If your package is well covered by tests and by introducing a change your original test breaks, you have made a breaking change. It's very simple. I'd go for that with the version of the node itself.

If by introducing new things it stops working and throw error until increasing spec_version, we have introduced a breaking change. I think that most of this can be checked inside of a workflow.

Of course we can make mistakes, but if we adhere to this we should be good and happy!

jak-pan commented 3 years ago

As we're nearing the release, I'd like to close this and setup some workflows that will make this easier. @RoboRambo you'll have to trust me on the SemVer of the node itself.

I'm still thinking about the releases though. Do we also want to follow runtime version?

I guess CalVer could be used but I'm not sure about mixing things up together. @martinfridrich @lumir-mrkva @enthusiastmartin @green-jay @Roznovjak any thoughts?

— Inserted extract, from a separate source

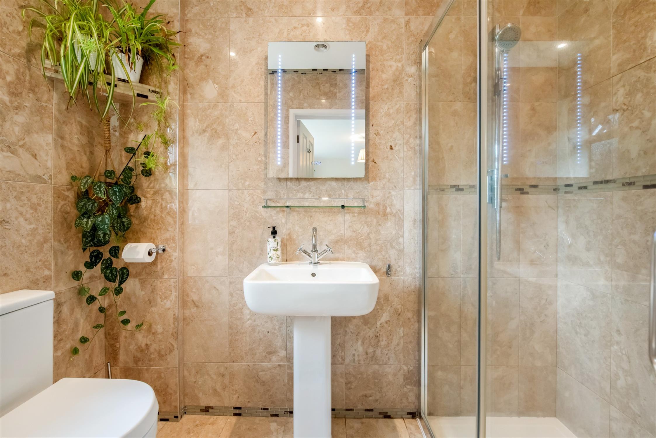 Re-fitted suite comprising; one and a half width shower, low level w.c. and pedestal wash hand basin. Tiled wall and floor surfaces. Smooth plastered ceiling with recessed lighting. Obscure double glazed window. Extractor fan. Radiator.
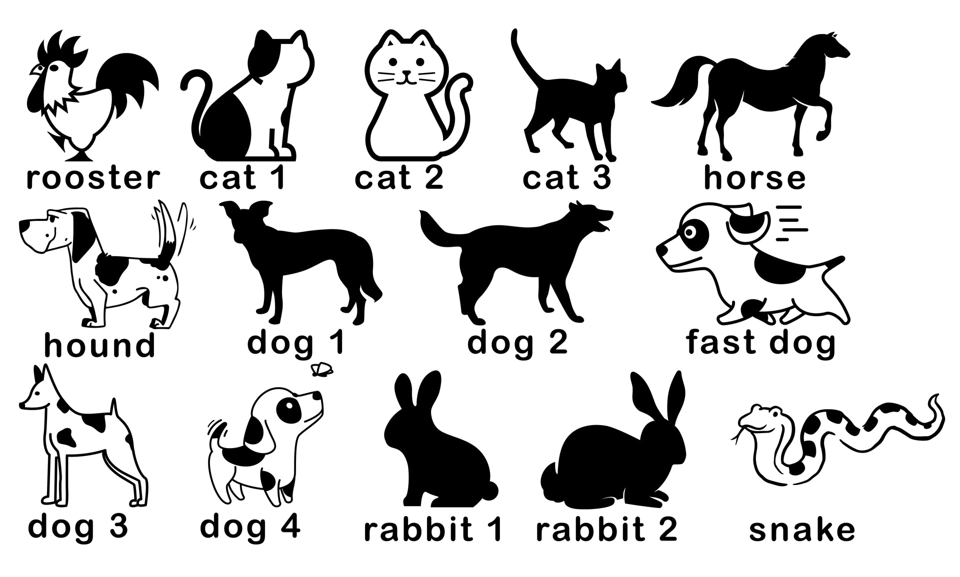 Front side - your choice of animals and coordinating text.

mrq1911 commented 3 years ago

semver makes the most sense for us as the rest of the ecosystem uses it and there is tooling supporting it. identifying breaking changes could be pretty tricky though as we should be always backward compatible and forward compatible most of the time as well, as the runtime execution itself can be always performed in wasm virtual environment and that's the part that changes the most. there will be only rarely breaking changes that would force you to update the node.

I'm glad that squash merges are not required as that always reduces information granularity about changes.

jak-pan commented 3 years ago

semver makes the most sense for us as the rest of the ecosystem uses it and there is tooling supporting it. identifying breaking changes could be pretty tricky though as we should be always backward compatible and forward compatible most of the time as well, as the runtime execution itself can be always performed in wasm virtual environment and that's the part that changes the most. there will be only rarely breaking changes that would force you to update the node.

I'm glad that squash merges are not required as that always reduces information granularity about changes.

Actually it is possible to test this. If you don't touch spec_version and introduce breaking change node will not be able to continue working this will be an indication of migration required and requirement for bumping spec_version and also runtime version.

enthusiastmartin commented 3 years ago

semver makes most sense for me too.

As for the commit messages - i would go as far that each commit has to follow the conventional commit.

Regarding squashing - not mandatory but sometimes it makes sense - so use common sense.

jak-pan commented 3 years ago

semver makes most sense for me too.

As for the commit messages - i would go as far that each commit has to follow the conventional commit.

Regarding squashing - not mandatory but sometimes it makes sense - so use common sense.

I don't want to make it hard for new contributors. If there is more important stuff in a PR you can do multiple conventional commits to show up in changelog but I don't think it's neccessary to have every commit there.